Pray, pray, pray with words until you no longer need them. Pray the Lord’s Prayer. Pray the Jesus Prayer. Pray the many other prayers written for our benefit. Pray with hope before every activity, and again with thanks for everything that has transpired. Pray continually and make your soul a house of prayer.

Pray in spirit and in truth when the words become distractions. Pray in a quiet and private place. In stillness and silence make your home through prayer, so that God will abide there with you.

Pray until you lose yourself, and find yourself at the feet of God, then listen to His voice. Pray with tears, if you are able, and turn your heart to God.

Don’t be discouraged. If you stop prayer, start again. If you haven’t prayed for years, start today. If you’ve never prayed, start today. Grow strong in prayer through repetition and perseverance. Build endurance through habit.

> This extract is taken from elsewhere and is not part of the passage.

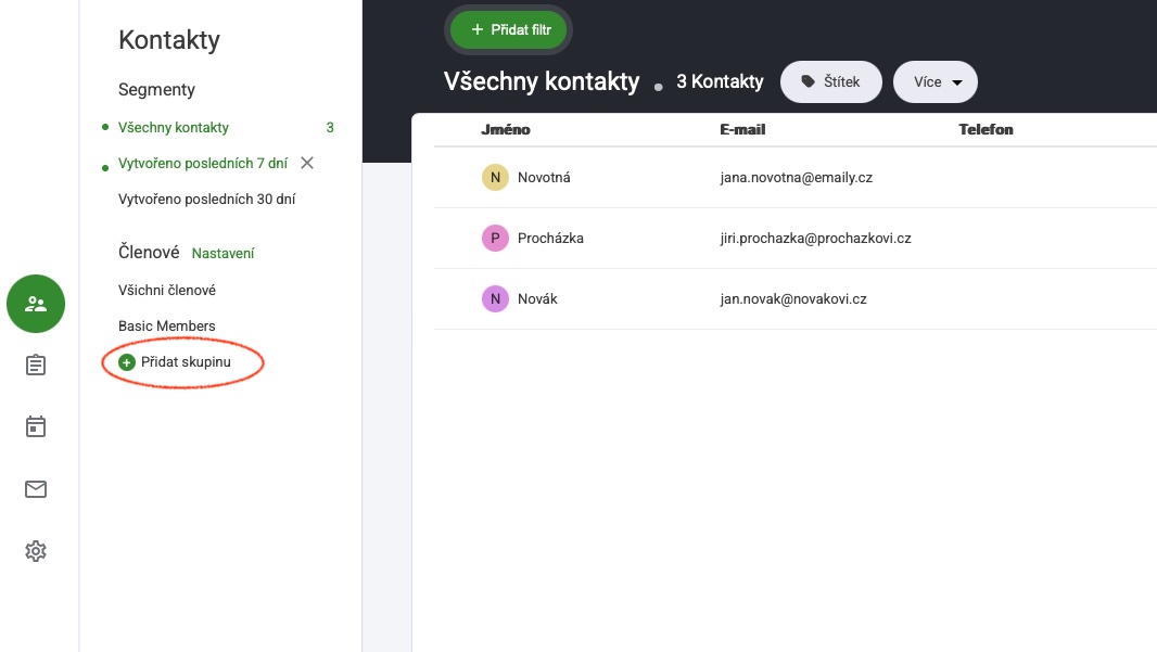 Chcete-li začít vytvářet členské skupiny: Přejděte na kartu kontaktů „CRM“ a vyberte možnost přidat skupinu, jak je zvýrazněno níže.
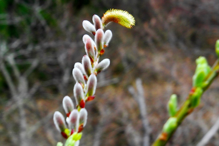 車のすぐ近くで枝を手で掴みながら撮った写真です。もう少し春は来ていない

Discover the sweetness and beauty wrapped within prayer—a fragrance of joy and peace that will permeate your life.

 

~FS

Keep Thy Mind in Hell, and Despair Not

How might we approach assisting others who are suffering, in ways that are empathetic but not pitying, as their servant and not their savior—in ways that are healthy—while at the same time developing our own spiritual foundation from which to serve? St. Silouan presents a powerful paradigm for life, which can assist us in accomplishing all of these goals.

He tells us to “keep thy mind in hell, and despair not.” Contained in this is a constant awareness of our sinfulness and fallen state, yet also at the same time a trust and faithfulness in God’s supreme love for us. The former provides many spiritual benefits in our spiritual formation while the latter draws us ever closer in relationship with God through faith and hope.

How does this work? Archimandrite Sophrony explains it in this way: “Spiritual pain is the source of the energy needed to resist the pull of earthly attractions for the sake of that other divine and eternal world (Sophrony Wisdom 7).” It is a way to conquer sin within us (11), a way to resist the passions, especially pride and vanity, and to learn humility. Additionally, it can help us shift our vision from what is earthly and temporal to what is heavenly and eternal. Our “approach to the divine mysteries lies through the humility and the kind of kenosis that we see in Christ… (7).” And ultimately it is Christ who we emulate when we keep our minds in hell but despair not, much in the same way that He emptied himself, crying tears of blood when he prayed in Gethsemane, and when he suffered on the cross and descended into hell before rising again.

By this practice we keep our mind in focused awareness of our sinfulness in the face of God and this protects us and keeps us from the deceptions of pride and vanity. If we can consciously and intentionally accuse ourselves of our sin we nullify the accusations that come from others, destroying the power that sin has over us, and restoring our freedom in Christ. We see our enslavement to the passions in contrast to the holiness of God and this brings us to a state of terminal humility—a humility that is our end, or telos as human beings, and a humility which casts out the passions, killing them and leading us to true life.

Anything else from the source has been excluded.